### Exercise directions
Reproduce every entry that follows word for word, but omit the images.
"""
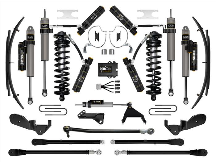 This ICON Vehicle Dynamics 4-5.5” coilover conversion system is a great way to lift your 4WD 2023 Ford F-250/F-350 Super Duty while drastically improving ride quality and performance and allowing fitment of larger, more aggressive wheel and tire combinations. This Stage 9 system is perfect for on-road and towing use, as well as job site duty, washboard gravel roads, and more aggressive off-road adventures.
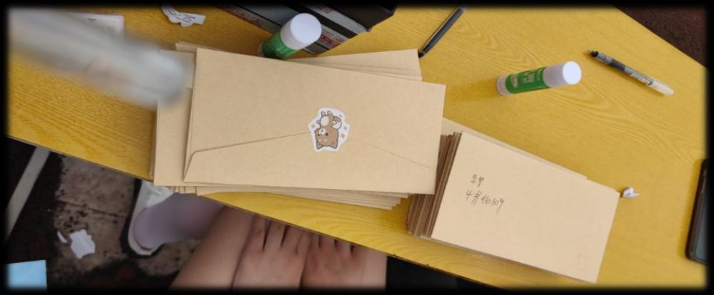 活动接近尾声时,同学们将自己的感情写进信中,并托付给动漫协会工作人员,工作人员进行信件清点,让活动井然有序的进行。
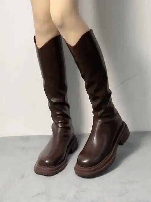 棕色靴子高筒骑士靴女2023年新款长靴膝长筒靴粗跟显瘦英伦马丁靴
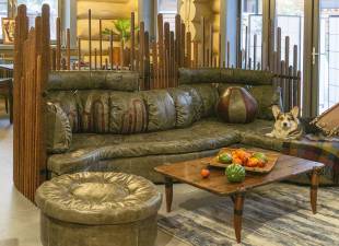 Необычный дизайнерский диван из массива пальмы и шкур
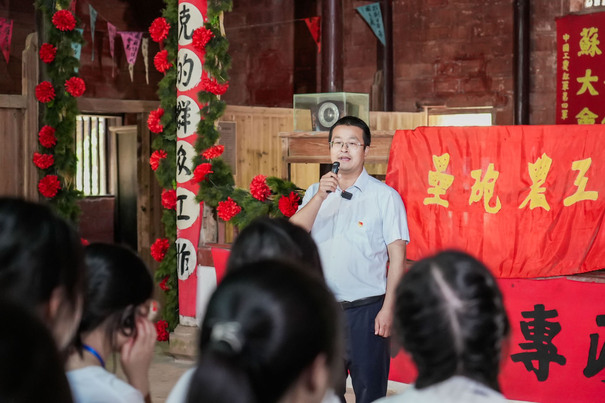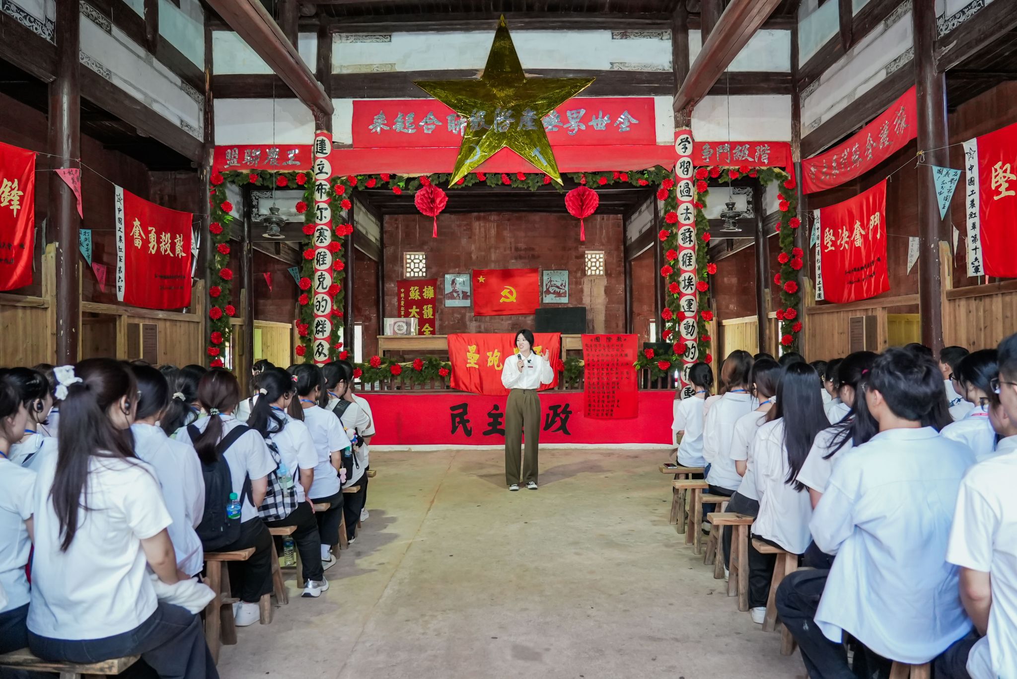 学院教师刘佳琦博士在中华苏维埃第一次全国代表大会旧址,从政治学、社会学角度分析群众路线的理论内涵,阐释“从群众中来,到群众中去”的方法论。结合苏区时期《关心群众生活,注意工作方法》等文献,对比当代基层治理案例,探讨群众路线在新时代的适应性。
"""
### Exercise result
 This ICON Vehicle Dynamics 4-5.5” coilover conversion system is a great way to lift your 4WD 2023 Ford F-250/F-350 Super Duty while drastically improving ride quality and performance and allowing fitment of larger, more aggressive wheel and tire combinations. This Stage 9 system is perfect for on-road and towing use, as well as job site duty, washboard gravel roads, and more aggressive off-road adventures.
 活动接近尾声时,同学们将自己的感情写进信中,并托付给动漫协会工作人员,工作人员进行信件清点,让活动井然有序的进行。
 棕色靴子高筒骑士靴女2023年新款长靴膝长筒靴粗跟显瘦英伦马丁靴
 Необычный дизайнерский диван из массива пальмы и шкур
 学院教师刘佳琦博士在中华苏维埃第一次全国代表大会旧址,从政治学、社会学角度分析群众路线的理论内涵,阐释“从群众中来,到群众中去”的方法论。结合苏区时期《关心群众生活,注意工作方法》等文献,对比当代基层治理案例,探讨群众路线在新时代的适应性。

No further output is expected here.